A good story
is always a story of conflict. A boring story is one in which everything goes
right and nothing goes wrong. The sharper the conflict the more there is in
favor of the story being a good one. This conflict comes in all shapes and
sizes. Conflict between two persons, conflict between two teams, two parties,
two countries. The conflict always works its way into the lives of at least two
people. The persons involved may be part of a larger body, such as a
corporation, or an athletic team, a culture, an army. Even the abstract crystallizes
into the concrete lives of human beings. Consider Karl Marx, The Communist Manifesto, and the assumed
struggle between the proletariat and the bourgeoisie, how it led to the great
revolutions that produced the Soviet
Union and Red
China. Or, Hitler’s Mein Kampf with
its seminal idea of the extermination of European Jewry, the demand for
Lebensraum, and the ideal of racial purity all of which led to Nazi death
camps all over Europe and a war on two fronts.
Conflict is
essential to a story’s credibility not to mention its success. Anyone who knows
anything about writing knows that. But why is that so? Why is the conflict so
tantalizing, even as it may require the horrors of the human condition to be
starkly painted?
At bottom, it
is because there is nothing else the human being can relate to. Ever since the
Fall, man has always known struggle and conflict. It is part and parcel to his
existence. That's what Mom and Dad, and Aunt Max and Uncle Jesse talk about. It's what the neighbors gossip about over the fence. It's what my dog experienced with the dysplasia in his hip.
That struggle
comes under the two broad categories of good and evil. These
may refer to the physical conflict that typically is used to describe the human
condition - desert and paradise, poverty and riches, paucity and plenitude.

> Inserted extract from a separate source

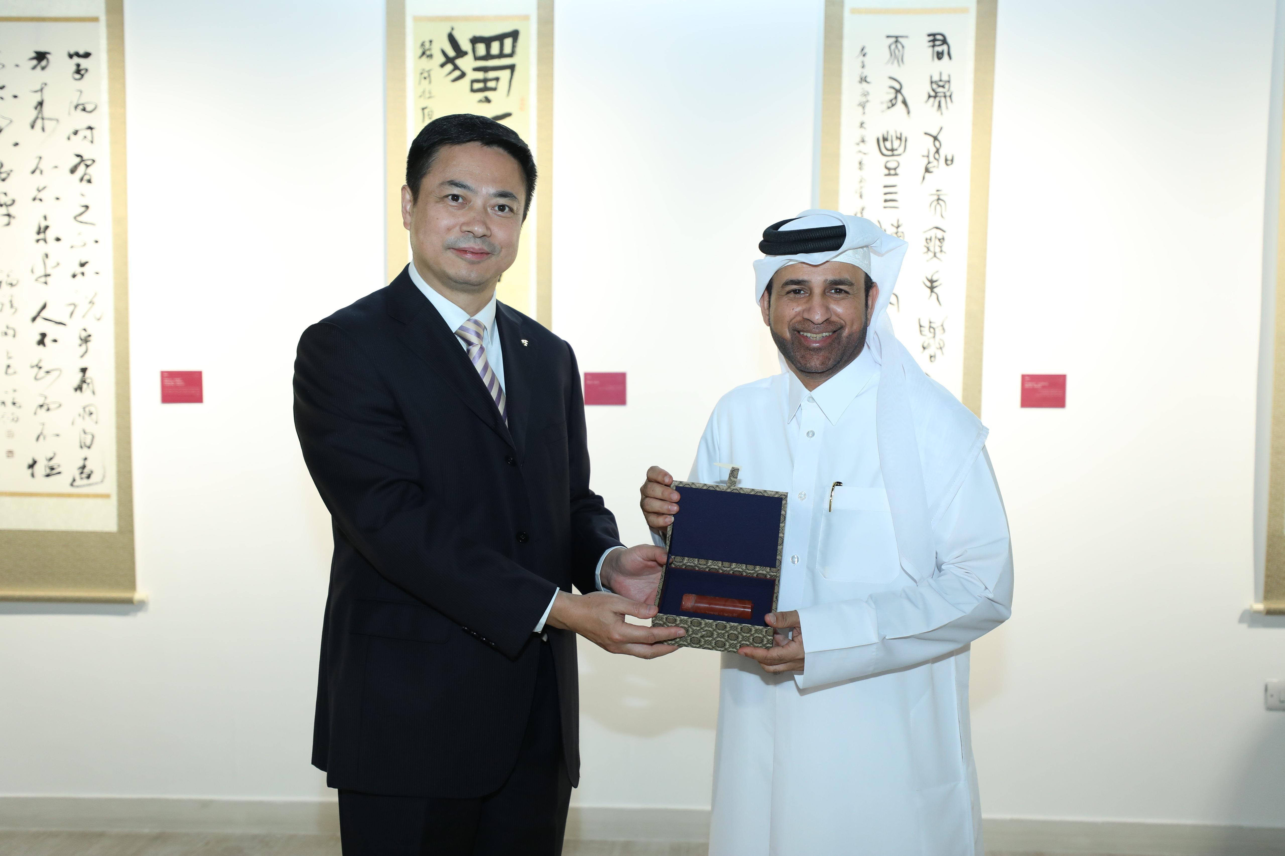 أما في قاعة 2 بمبنى 19، فقد افتتح سعادة الاستاذ الدكتور خالد بن ابراهيم السليطي مدير عام كتارا معرض "حوار الحروف بين قطر والصين"، وذلك بحضور سعادة السيد تساو شياولين سفير جمهورية الصين الشعبية لدى الدولة، وعدد وعدد من الخطاطين القطريين والصينيين.

But they also refer to moral conflict, the clash between doing the right
and doing the wrong.
If good and evil
are the essence of conflict, then every good story of fiction in some fashion is a
story about precisely that, good and evil.
Think of that,
as a Christian writer. Only the Christian, enlightened by the word of God and
illuminated by the Holy Spirit, truly knows what good and evil are. The
Christian writer is the most qualified to write anything fictional from that
standpoint. If that truth could sink deep into every Christian writer’s
literary heart, I think it would profoundly impact Christian fiction.
Paul wrote,
the Lord Jesus Christ ‘gave
himself for our sins to rescue us from this present evil age according to the
will of our God and Father.’
Gal 1:4. This world is intrinsically, inherently, through and through an evil,
dark world, and the Christian is the lamp that God has placed here to shed some
light on it (Matt 5:16 ). A Christian writer of fiction is the
only truly eligible writer that can do this for the reading world.
Fiction is a
marvelous vehicle to bring the reader face to face with not only the evil
around him, but also the evil within. When trying to do this, however, it can
easily come across as preachy dialogue set in a cast of out-of-touch maudlin
characters. There is no requisite for sermonizing. Serious dialogue, yes, where
the ‘unbeliever’ is not a push over. Rosy personalities are fine as long as the
rose faces the thorns, blight, and drought of the real world - the evil world.
Just as
important as the message is the tapestry it is woven into. The writer must
write with the greatest care, not shabbily, but as an artisan, crafting his
words and sentences into a laudable tale that brings to the eyes and mind of
the reader what the conflict between good and evil really is. As the most
serious problem in the universe - good and evil - the work becomes a weighty
tale elegantly woven. That is not easy, but no work of art that truly earns
that accolade is easy. As Christian and writer, it is incumbent that we put
into our story the best that we have. Our goal is to paint the canvas and
charge the imagination so that the ubiquitous evil character of this world, which
reigns in the heart of every person from birth, is not glossed over. The
revelation of evil readies the stage for the only hope and deliverance from it,
the great redemption through the Lord Jesus Christ.